A wave of high-profile ERISA litigation is forcing employers to confront long-ignored risks buried inside their defined benefit pension plans.
The Eleventh Circuit’s decision in Drummond v. Southern Company Services has sharpened legal exposure for plan sponsors still relying on decades-old actuarial assumptions, particularly fixed interest rates and outdated mortality tables.
Raytheon settled a related pension equivalence case for around $59 million, while CITGO reached a settlement of approximately $10 million, signalling how costly this litigation can become.
Pending cases involving MetLife and Southern Company Services mean the legal landscape remains unsettled, making proactive compliance reviews more urgent than ever for plan sponsors.

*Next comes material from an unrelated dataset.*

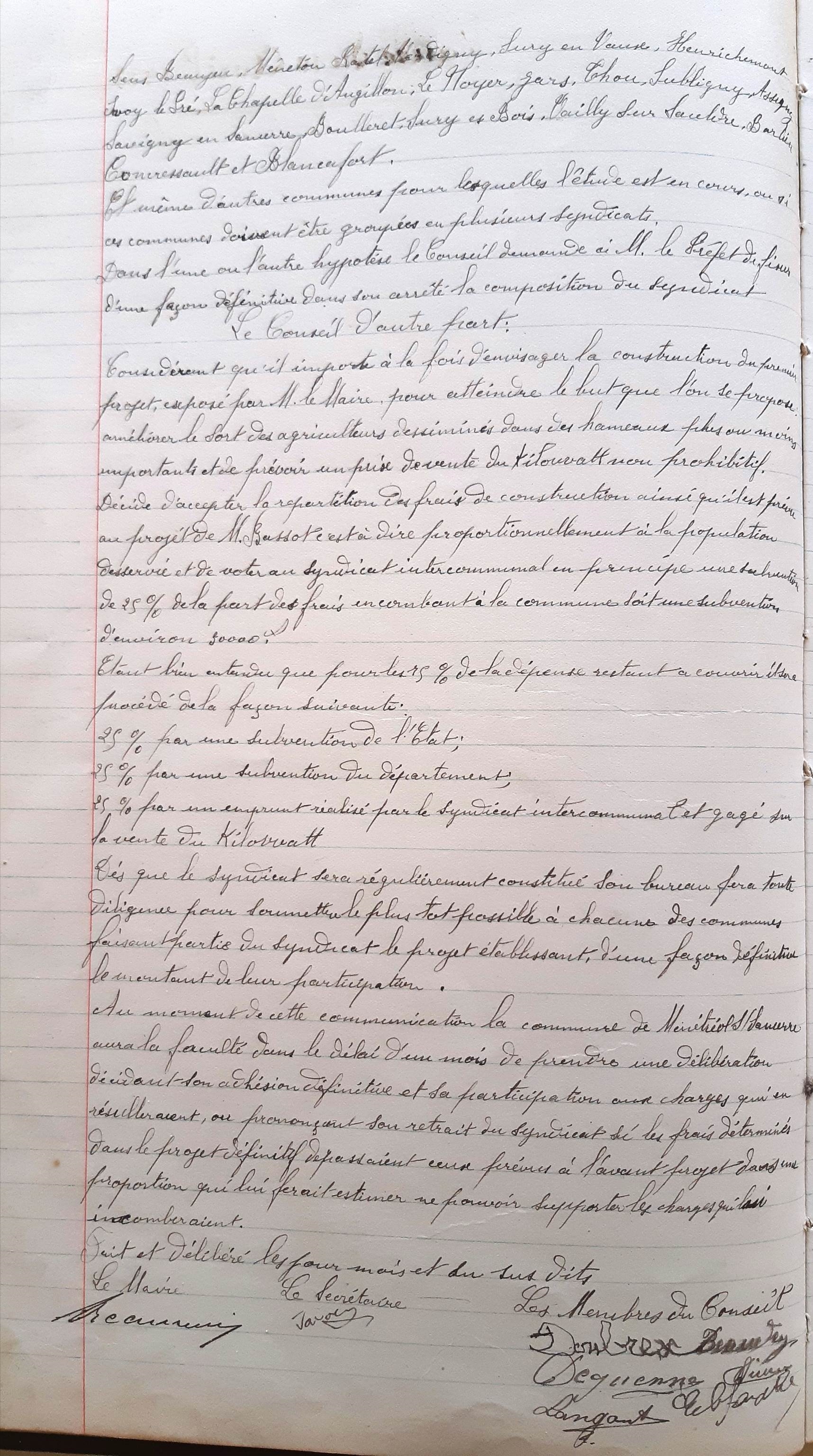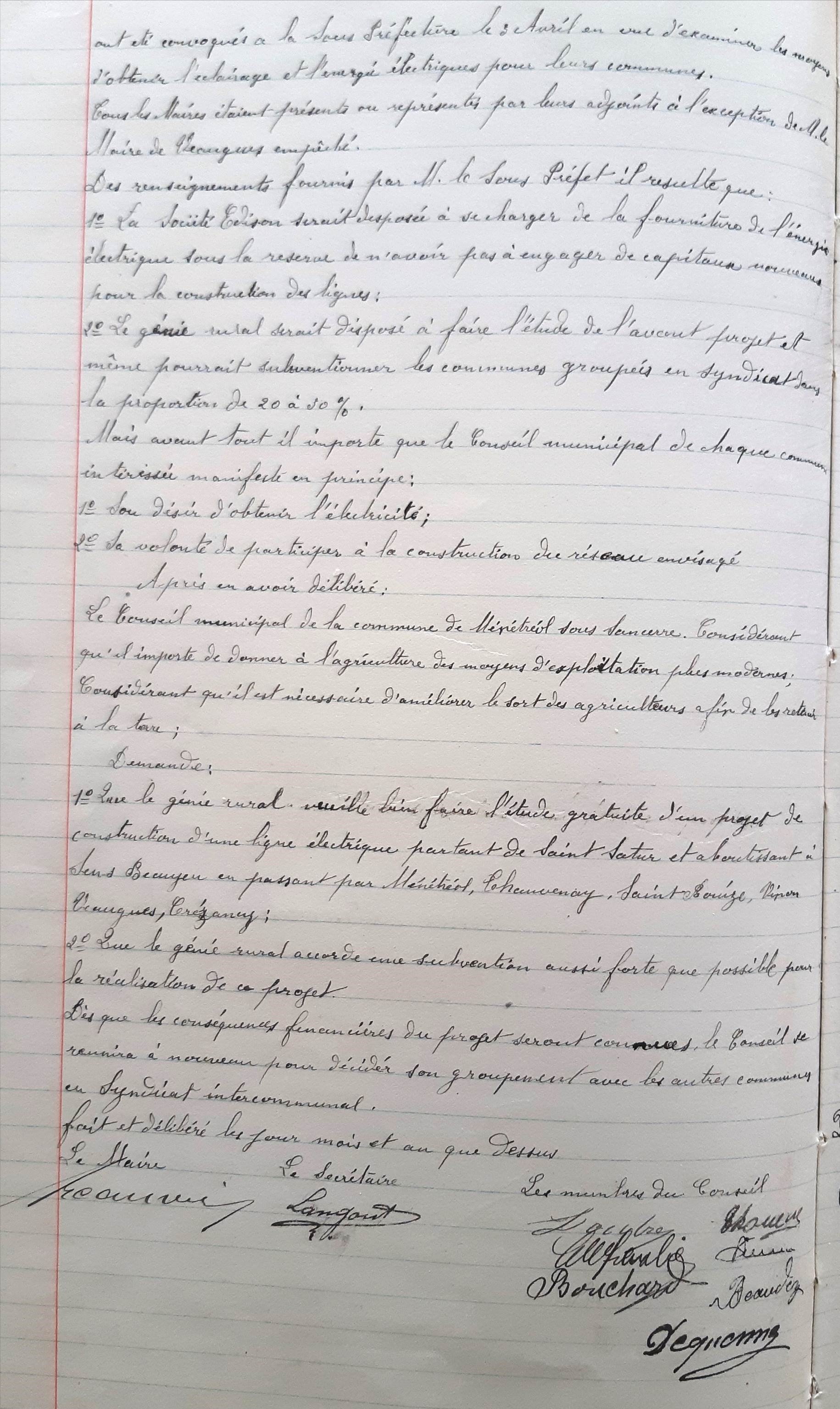 "Mr le Maire fait connaître au conseil que Mr le sous Préfet a exposé aux délégués des communes en instance d'obtenir l'électricité les grandes lignes de l'avant-projet établi par Mr Bassot, ingénieur en chef du Génie Rural. Deux projets ont été étudiés par ce chef de service pour les 44 communes au sujet desquelles l'étude a été faite. Le premier projet séleve à 6 700 000 francs nviron et le deuxième à 3 900 000 francs environ. D'après le premier projet 90.5%de la population serait desservie tandis que le deuxième projet n'en desservirait que 65% En ce qui concerne en particulier la commune de Ménétréol sous Sancerre le premier projet desservirait les points ci-après: Bourg (population totale) ..... Dans le premier projet le kilowatt devrait être vendu 2.15fr et dans le deuxième projet 2.24fr ... Dans le premier projet la dépense approximative établie d'après les bases sommaires de l'avant-projet s'élèverait pour la commune de Ménétréol sous Sancerre à 120 000fr. En présence d'une dépense aussi élevée la réalisation du projet ne semble pouvoir être possible qu'en groupant les communes intéressées en un syndicat intercommunal et n envisageant la répartition de la dépense de la façon suivante: - une subvention de la commune de Ménétréol de 25% soit 30 00fr - une subvention de l'Etat et du Département de 50% soit 60 000fr - un emprunt réalisé par le syndicat intercommunal pour les 25% restant à couvrir emprunt gagé sur la vente du kilowatt soit 30 000fr total 120 000fr. ... Le Conseil muicipal après en avoir délibéré, décide: - 1° qu'il y a lieu de constituer avec les 43 communes pour lesquelles le service du Génie Rural a étudié un projet d'électrification des campagnes en syndicat intercommunal conformement aux dispositions de la loi du 5 avril 1884 complétée par les lois du 22 mars 1890 et du 18 novembre 1917 réglementant la matière. Ce syndicat aura pour but de réaliser la construction d'un réseau électrique établi dans l'esprit de l'avant-projet dressé par Mr l'Ingénieur en chef du Génie rural et desservant environ 80 à 90% de la population..." ... conseil municipal du 2 mai 1923 |

The original lawsuit was filed on September 2, 2022, by Cohen Milstein and co-counsel on behalf of participants and beneficiaries of the Southern Company Pension Plan, alleging violations of ERISA.
Plaintiffs argued the plan used actuarial assumptions more than 70 years out of date when calculating joint and survivor annuities and pre-retirement survivor annuity charges, leaving married retirees short-changed.
The U.S. District Court for the Northern District of Georgia initially granted Southern Company’s motion to dismiss in July 2024, ruling that ERISA does not explicitly require plans to use reasonable or specified interest rates and mortality tables.
The Eleventh Circuit reversed that position, holding that ERISA’s actuarial equivalence provision requires plans to use assumptions that a reasonable actuary would employ at the time of benefit determination.
The Department of Labor supported the plaintiffs, arguing in its brief that ERISA’s requirement for actuarial equivalence between joint-and-survivor and single-life annuities necessarily demands the use of reasonable actuarial assumptions.
Legal advisers are now recommending that plan sponsors conduct a privileged review with actuaries and legal counsel to assess whether existing actuarial interest rates and mortality tables remain legally defensible.
One practical step is updating plan documents to incorporate by reference the IRC Section 417(e) mortality and interest rates, though doing so may trigger anti-cutback rule considerations under IRC Section 412(d).
Plan sponsors who retain their own assumptions should implement a formal governance process, with retirement committee charters requiring a review every three to five years alongside the plan’s actuary.
Documentation is equally important, with meeting minutes and actuary reports providing a clear record of the committee’s periodic determinations and any recommendations received.
Frozen legacy plans and plans merged from older arrangements are particularly vulnerable, as they often retain pre-1980s tables and fixed rates that no longer reflect current economic or demographic conditions.
The class action trend targeting actuarial equivalence calculations shows no sign of slowing, and plan sponsors who delay reviews risk joining a growing list of defendants facing nine-figure settlement demands.